Taking the data below, please print only the lines from the line holding "Los Cuervos de" to the line holding "このような丈感は「ノークッシ", inclusive, with pictures omitted.
[Opening DATA SUPPLIED section]
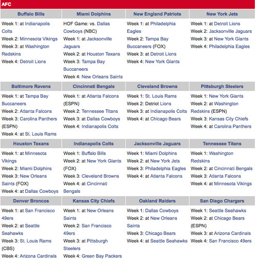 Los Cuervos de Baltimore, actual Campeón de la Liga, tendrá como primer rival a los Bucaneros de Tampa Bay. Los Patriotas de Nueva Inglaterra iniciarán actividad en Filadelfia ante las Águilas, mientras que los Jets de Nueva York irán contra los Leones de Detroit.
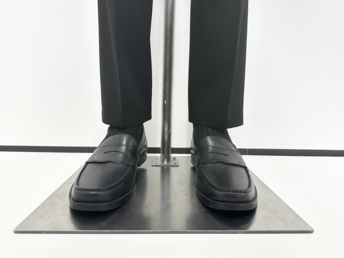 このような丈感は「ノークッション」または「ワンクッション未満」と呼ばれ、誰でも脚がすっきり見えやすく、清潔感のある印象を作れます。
[Closing DATA SUPPLIED section]
[Opening DATA SUPPLIED section]
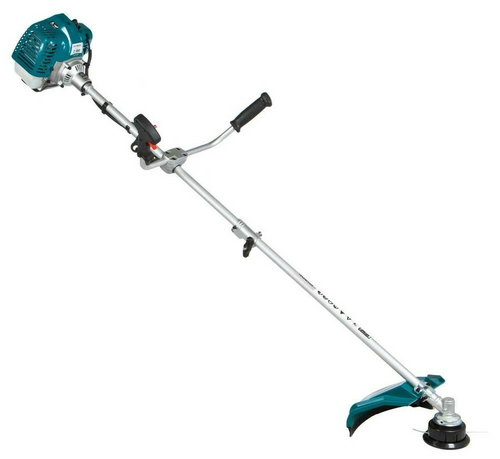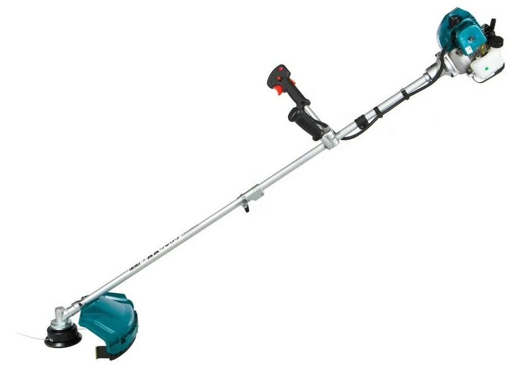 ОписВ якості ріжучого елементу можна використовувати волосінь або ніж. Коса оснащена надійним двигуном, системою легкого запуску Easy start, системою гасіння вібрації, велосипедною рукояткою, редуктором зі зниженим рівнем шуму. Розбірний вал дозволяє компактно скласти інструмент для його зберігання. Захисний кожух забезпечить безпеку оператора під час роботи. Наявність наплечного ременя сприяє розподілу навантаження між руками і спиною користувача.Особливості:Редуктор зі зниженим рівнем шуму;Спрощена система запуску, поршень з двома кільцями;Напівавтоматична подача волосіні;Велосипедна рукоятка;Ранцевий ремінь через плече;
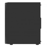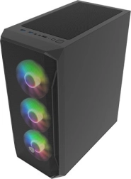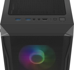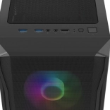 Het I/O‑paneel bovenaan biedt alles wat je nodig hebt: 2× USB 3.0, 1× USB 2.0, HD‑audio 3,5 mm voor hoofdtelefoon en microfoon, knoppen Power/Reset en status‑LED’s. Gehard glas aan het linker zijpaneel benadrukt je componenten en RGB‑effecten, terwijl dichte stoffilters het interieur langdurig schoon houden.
[Closing DATA SUPPLIED section]
[Opening DATA SUPPLIED section]
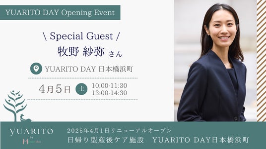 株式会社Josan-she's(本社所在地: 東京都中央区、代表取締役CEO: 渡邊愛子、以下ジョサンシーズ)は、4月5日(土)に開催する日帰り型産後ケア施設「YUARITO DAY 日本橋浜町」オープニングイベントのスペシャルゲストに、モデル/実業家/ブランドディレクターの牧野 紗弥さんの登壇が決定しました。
[Closing DATA SUPPLIED section]
• SOLUTION
 Los Cuervos de Baltimore, actual Campeón de la Liga, tendrá como primer rival a los Bucaneros de Tampa Bay. Los Patriotas de Nueva Inglaterra iniciarán actividad en Filadelfia ante las Águilas, mientras que los Jets de Nueva York irán contra los Leones de Detroit.
 このような丈感は「ノークッション」または「ワンクッション未満」と呼ばれ、誰でも脚がすっきり見えやすく、清潔感のある印象を作れます。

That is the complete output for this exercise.